Once you understand how to read candlesticks, familiarizing yourself with a number of technical analysis will increase your winning percentage. Recognizing chart price patterns is an important aspect of technical analysis that traders should master. These patterns act like a highlighter on the charts showing a potential trade. The triangle patterns are one of my favorite price patterns because it is easy to recognize and it has a great risk to reward setup.

Ascending and Descending in the Forex market are the two types of triangle patterns we will explore today.

The ascending triangle is a bullish formation that usually forms during an uptrend as a continuation pattern. There are instances when ascending triangles form as reversal patterns at the end of a downtrend, but they are typically continuation patterns. It is easily recognized by a rising trend line intersecting with a flat resistance line. It is often regarded by traders as a bullish pattern characterized by a breaking out above resistance when completed. However, in the ascending triangle pattern, breakouts can take place below resistance. This can especially be the case when the trend prior to the triangle was down. When trading off this triangle you would enter short on a break below the bottom of the pattern with a stop set at approximately 10 pips above the top of the high with a profit equal to the height of the pattern. However, if price rises above the resistance line, a stop would be placed below the highest low within the pattern with an additional cushion of 10 pips.


The descending triangle is characterized by an area of strong support intersecting a downward sloping trend line. When traders see this pattern as part of a larger downtrend, they look for a continuation of the downtrend. A close break and close below the area of support would be a confirmation of this pattern signaling to enter short with a stop above the top of the pattern.

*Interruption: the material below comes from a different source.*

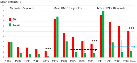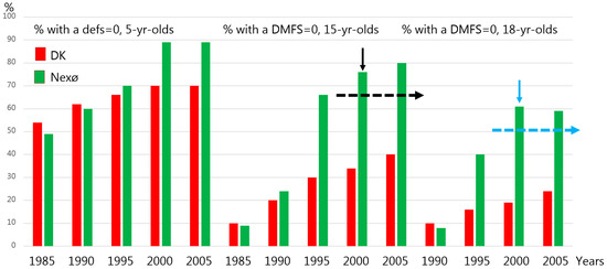 Results: The mean defs/DMFS or percentage of children with a defs = 0/DMFS = 0 in Nexø was, prior to the implementation of the Nexø method (before 1987), at the national level or worse. The mean defs/DMFS dropped significantly (

The triangle pattern represents the forces of buyers unable to push price higher and sellers struggling to push price lower. Usually, the struggle is resolved with a breakout below support as presented in the examples shown.


In sum, triangle patterns are easy to spot, and provide good risk reward opportunities. Traders can quickly know that a big move may be near as well the profit objective and the amount to be put at risk. Now that you have the knowledge of the two powerful price patterns you are steps closer to becoming a confident trader.
"There is no holy grail, and there is no magical system. you have to win the battle within you first before you can win with the markets!"